Глава 54 «Потрясение»
____
Тем временем, над светящейся ночными огнями столицей нависла куда более опасная и неожиданная буря.
____
Чан Гэн надолго замер на одном месте, прежде чем сделать шаг по направлению к горячему источнику и опуститься медленно на колени, внимательно разглядывая многочисленные шрамы на теле Гу Юня.
С годами он привык к тому, что Кость Нечистоты может разбудить его среди ночи в третью стражу [1]. И всегда во время подобных приступов он просыпался с мыслями о Гу Юне.
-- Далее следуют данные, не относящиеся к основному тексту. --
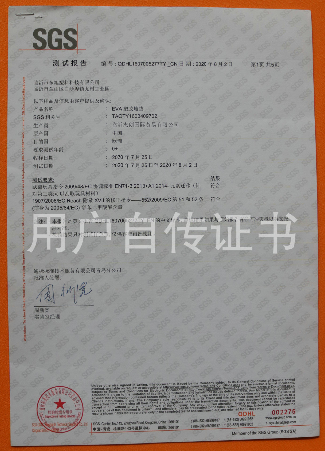 · Requirements: You must ensure that the materials used in the mat (such as PVC, EVA, rubber, surface coatings, printing inks, etc.) do not contain substances of very high concern (SVHCs) restricted in Annex XVII of the REACH Regulation. Chemical testing of the product by a third-party testing laboratory is typically required, and a REACH compliance test report is issued. 2. EN 71-3 Safety of Toys – Part 3: Migration of Certain Elements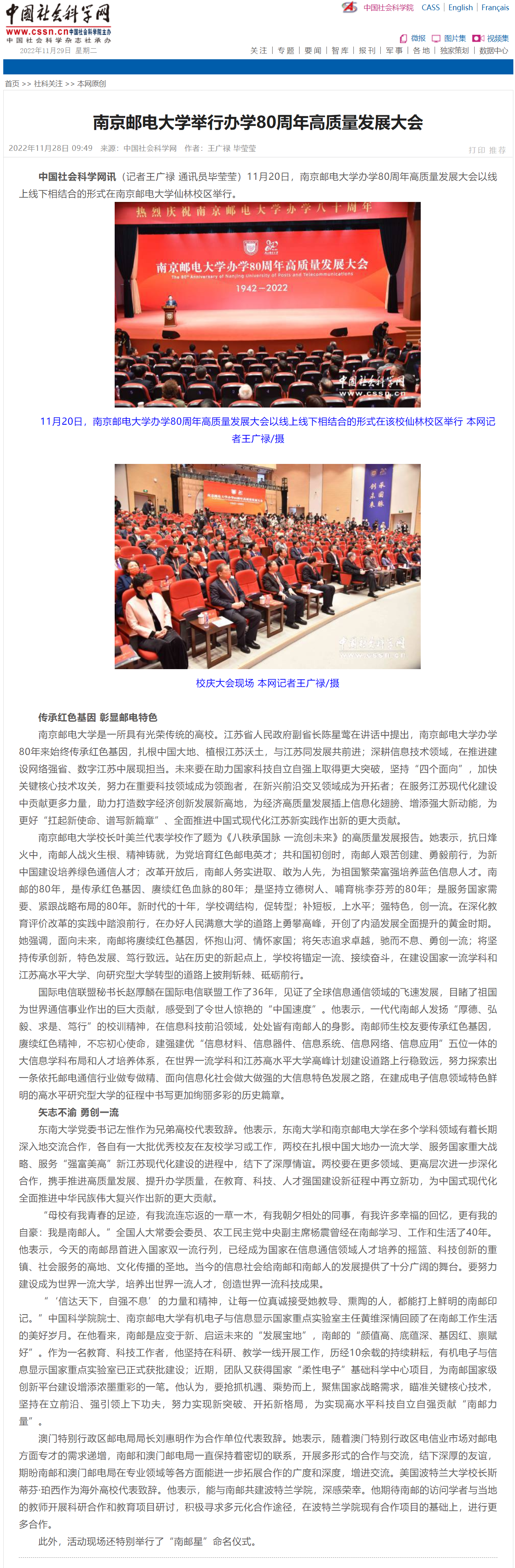 | 【中国社会科学网】南京邮电大学举行办学80周年高质量发展大会 |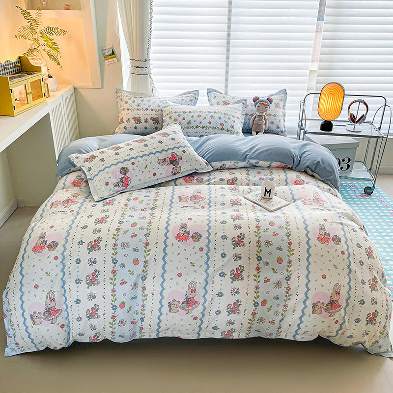 ผ้าคลุมเตียงผ้าฝ้ายว่านหางจระเข้สไตล์เรียบง่ายชุดผ้าคลุมเตียงลายทางเรขาคณิตลายสก๊อตสำหรับนักเรียนบ้านสี่ชิ้นสำหรับผู้ชายสามชิ้นสำหรับ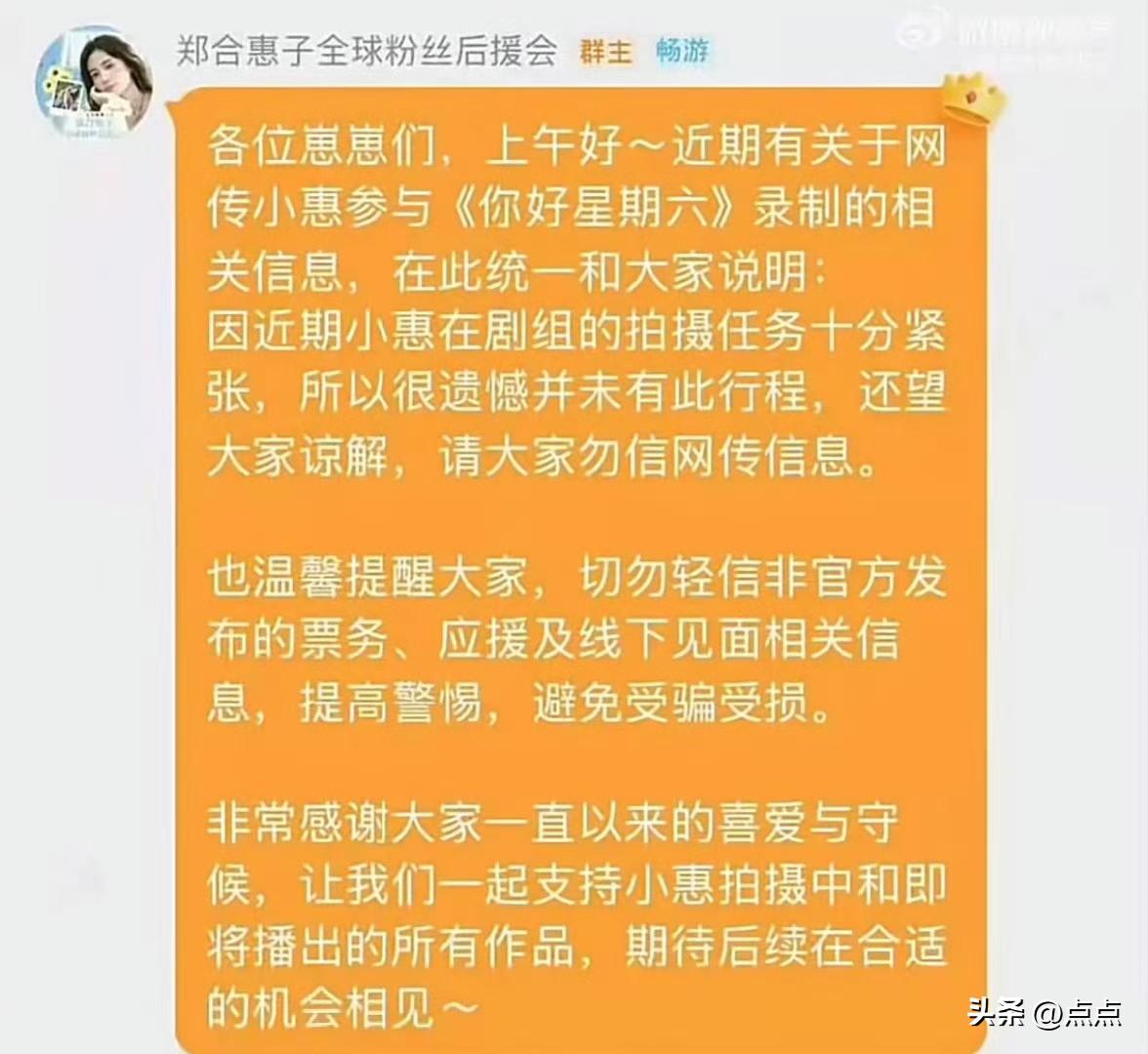 郑合惠子为拍戏缺席女主剧Hi6宣发 敬业与曝光引网友热议 郑合惠子因进组拍摄《将门独后》档期冲突,无法协调出假期,最终遗憾缺席了自己担任女主的新剧《你是迟来的欢喜》在《你好星期六》的关键宣传活动。 这一情况也引发了网友与粉丝的不同看法,部分粉丝对此表示不满,认为其工作团队未能尽力协调档期,白白浪费了此次难得的重要曝光机会。与此同时,也有不少网友持不同观点,觉得郑合惠子坚守拍摄合约、踏实扎根剧组拍戏,是演员恪守本职、敬业负责的表现。

Чан Гэн с детства предпочитал вести спокойный образ жизни. Хотя иногда казалось, что его неугомонный ифу глух к голосу разума. При более близком знакомстве на ум все чаще приходил странный вопрос: «А как Гу Юнь стал тем, кем стал?»
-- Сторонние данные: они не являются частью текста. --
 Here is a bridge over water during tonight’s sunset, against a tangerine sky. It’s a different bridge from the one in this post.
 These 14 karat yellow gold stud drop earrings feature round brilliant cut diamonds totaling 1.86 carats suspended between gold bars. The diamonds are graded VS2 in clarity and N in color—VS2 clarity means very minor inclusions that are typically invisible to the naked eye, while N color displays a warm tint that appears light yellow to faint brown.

Ведь он был единственным сыном старого Аньдинхоу и старшей принцессы. С учетом высокого драгоценного статуса, Гу Юню полагалось вырасти крайне надменным аристократом. Когда в раннем детстве он внезапно лишился зрения и слуха, железные отцовские кулаки не позволяли сдаться. Его не до конца выросшие крылья изуродовали шрамы, а потом пришлось пройти через потерю матери с отцом. Мощь и слава Черного Железного Лагеря поблекли, Гу Юнь был заперт в глубинах запретного дворца... Переживший подобные горести в малом возрасте ребенок, конечно, не обязательно вырастет мрачным и хладнокровным, но все же вряд ли однажды даст волю такому светлому чувству, как любовь.
Когда Чан Гэн думал об этом, он не мог совладать со своими эмоциями.
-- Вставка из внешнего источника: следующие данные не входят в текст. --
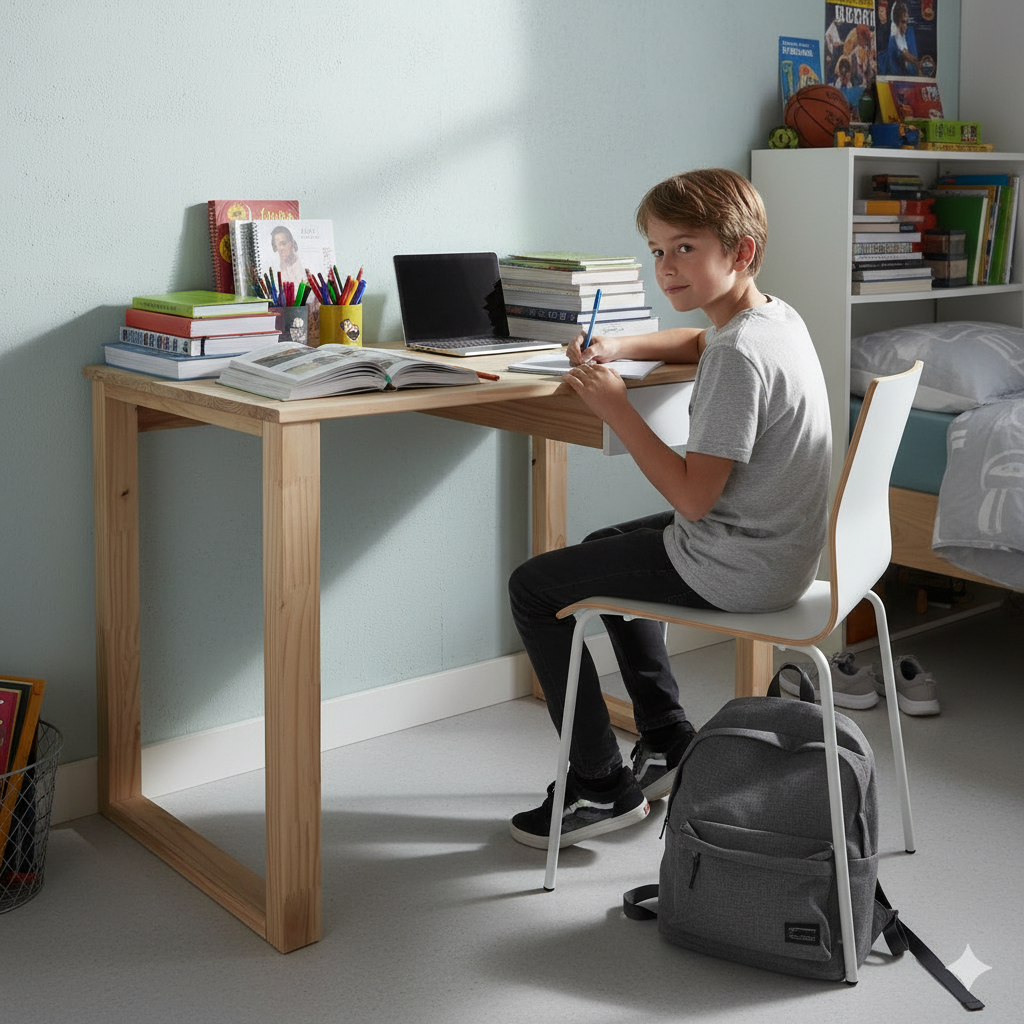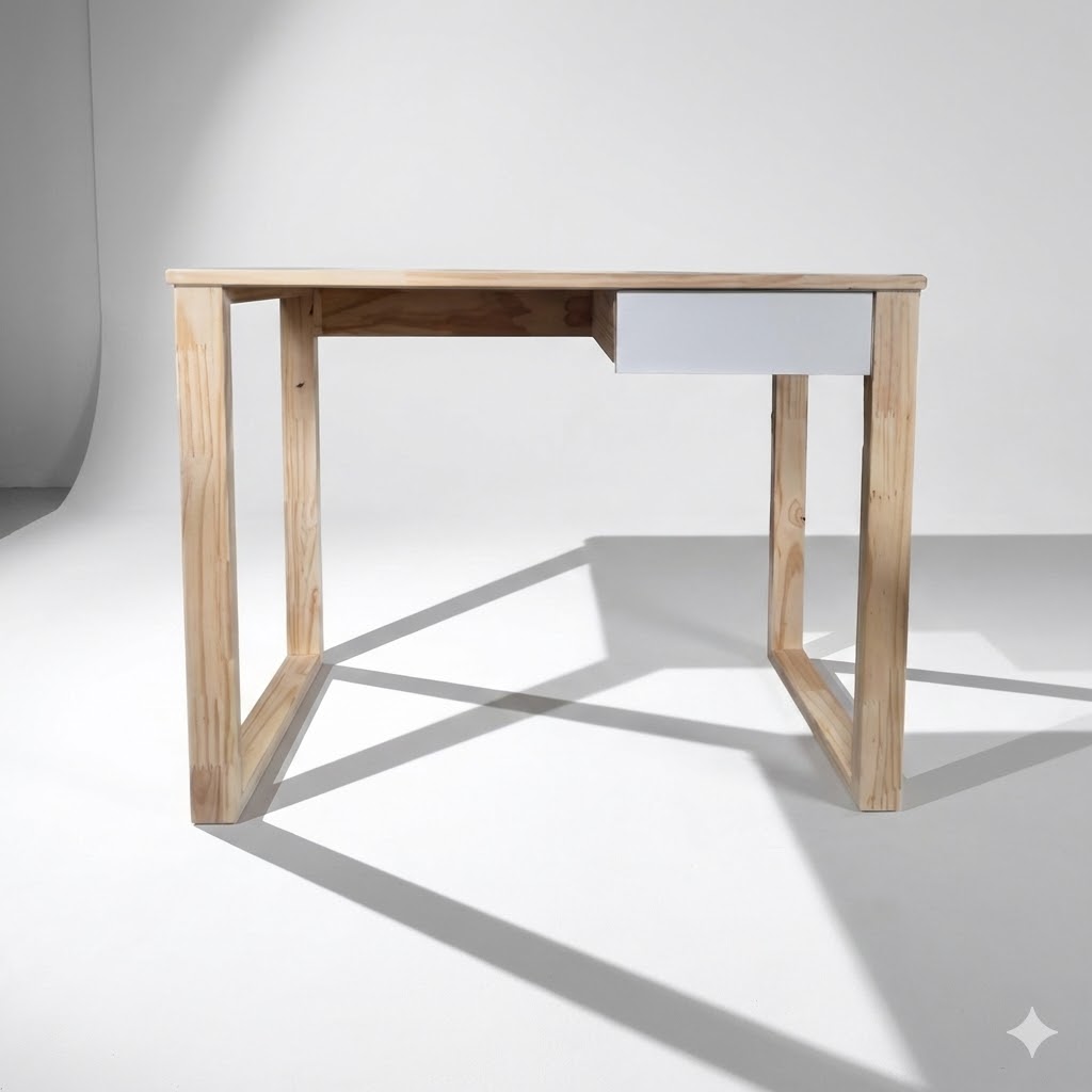 Este escritorio combina la calidez del pino nórdico natural con la limpieza visual de la melamina blanca, logrando una pieza funcional y estética para cualquier espacio. Cuenta con una estructura sólida y minimalista, y un cajón integrado ideal para guardar elementos esenciales, mantener el orden y trabajar con más comodidad.

Трудно было вообразить, через какие страдания должен был пройти Гу Юнь, чтобы стать тем, кем стал.
В сердце Чан Гэна вдруг вскипела злоба. Почему он не родился на десять лет раньше, чтобы сжимать в руке детскую ладошку, пока маленький Аньдинхоу преодолевает многочисленные беды и несчастья, выпавшие на его долю? По этой причине он всю свою жизнь будет ревновать к Шэнь И.
Словно одержимый, Чан Гэн наклонился вперед, отодвинул разметавшиеся длинные мокрые пряди, а затем бережно и немного робко провел пальцами по шраму, пересекавшему грудь.
— Ауч... — от щекотки у Гу Юня кровь в жилах застыла, и он поспешно отшатнулся. — Я тут с тобой как с разумным взрослым человеком разговариваю, а ты руки распускаешь?
Хриплым голосом Чан Гэн спросил:
— Откуда он у тебя?
Поначалу Гу Юнь не расслышал, поэтому Чан Гэн взял его за руку и начал писать свой вопрос на ладони, делая паузу после каждого иероглифа.
Его слова застали Гу Юня врасплох: сходу тот не мог вспомнить, откуда у него этот шрам.
Чан Гэн протер запотевшее от пара люли цзин и вернул его Гу Юню на переносицу. После чего пристально посмотрел ему в глаза и спросил на языке жестов: «Ифу, давай каждый из нас честно ответит на один вопрос, хорошо?»
Тот нахмурился.
Чан Гэн продолжил: «Ты был глубоко привязан к покойному Императору. Хотелось ли тебе поцеловать его, сжать в объятиях и виском прижаться к виску [2] до конца ваших дней?»
Гу Юня настолько потрясли его слова, что он охрип:
— Чего?
Невольно ему вспомнилось старое, покрытое морщинами скорбное лицо покойного Императора, и его аж передернуло.
«Хорошо. Теперь мой черед. — Чан Гэн очистил сердце и умерил желания, затем продолжил: — А мне хочется».
Гу Юнь онемел.
До него не сразу дошел смысл этого «А мне хочется». Не успело потрясение от первоначального вопроса пройти, как тело снова покрылось мурашками, волоски встали дыбом, будто у ежа.
«Не могу вспомнить ни единого мгновения, когда мне бы этого не хотелось. Даже во снах, особенно теперь... Этим мои желания не ограничиваются, но тут мне лучше остановиться, чтобы не оскорблять ифу непристойностями».
Чан Гэн закрыл глаза, чтобы больше не видеть Гу Юня, и продолжил на языке жестов: «Если бы я не погряз так глубоко, разве использовал бы я слова "впал в безумство"?»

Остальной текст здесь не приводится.